As a Kubernetes cluster admin, the attacker runs kubectl get secrets --all-namespaces and retrieves database credentials, third-party API keys, and a Stripe secret key stored as Kubernetes Secrets in plaintext base64.
The attacker exfiltrates the secrets, uses the database credentials to dump the production PostgreSQL database, and deploys a DaemonSet on every node running a crypto-miner — all within 45 minutes of the initial credential compromise.

Key insight: Every step in the scenario above was enabled by a different control failure: committed secrets, no key rotation, over-privileged IAM, misconfigured EKS auth, and secrets stored as base64 rather than in a secrets manager. No single control failure is catastrophic in isolation — the breach required all of them in sequence. Defense in depth means ensuring that the attacker must overcome multiple independent barriers, not just one.
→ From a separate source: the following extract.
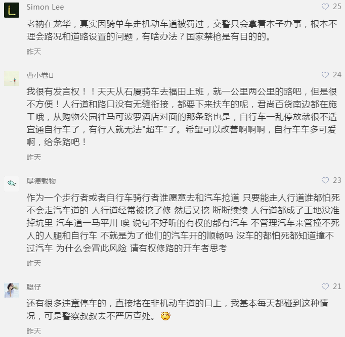 网友指出非机动车道设计不合理的地方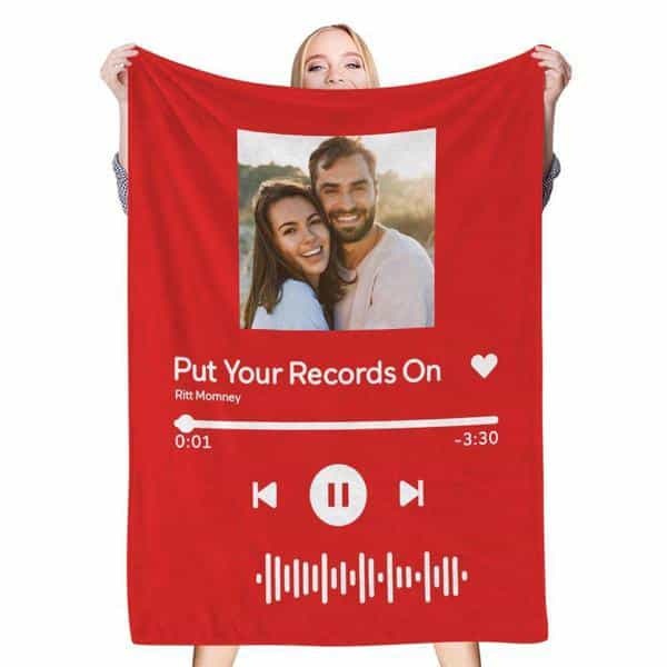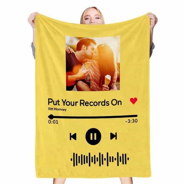 Custom Scannable Song Code Music Blanket Personalized Photo Fleece Blankets White

Threat Intelligence Sources Worth Following

Staying current on the cloud threat landscape is an operational requirement, not a periodic review. The primary sources used by production security teams are:

AWS GuardDuty threat intelligence — managed threat detection that integrates with CloudTrail, VPC Flow Logs, and DNS logs. Study the GuardDuty finding types catalog to understand which behavioral patterns AWS considers indicative of compromise.
MITRE ATT&CK for Cloud — the cloud matrix at attack.mitre.org maps every technique (T1530: Data from Cloud Storage, T1078.004: Cloud Accounts) to real-world adversary behavior. Use it to measure coverage gaps in your detections.
Sysdig Threat Research and Lacework Labs — publish container and Kubernetes-specific threat reports with real attack tooling (TeamTNT, Rocke, Kinsing) and their indicators of compromise.
AWS Security Bulletins and GCP Security Advisories — official channels for platform-level vulnerabilities. Subscribe to both via RSS and treat them as operational alerts, not optional reading.

Pro practice: Before your team writes a single Terraform resource or deploys a single pod, threat-model the architecture. Identify the trust boundaries, the data flows, and the entry points. Ask: what is the worst thing an attacker could do with access to this component? Then design controls that make that worst case either impossible or detectable within minutes. Threat modeling is not a once-per-project activity — it is a continuous practice that evolves alongside your architecture and your understanding of the current threat landscape.

The lessons that follow in this module convert threat landscape knowledge into concrete controls: CSPM scanning to catch misconfigurations before deployment, IAM hardening to close the credential attack surface, network segmentation to limit lateral movement, and runtime security to detect attacker behavior in real time. Each control targets a specific link in the attack chain you have now mapped in detail.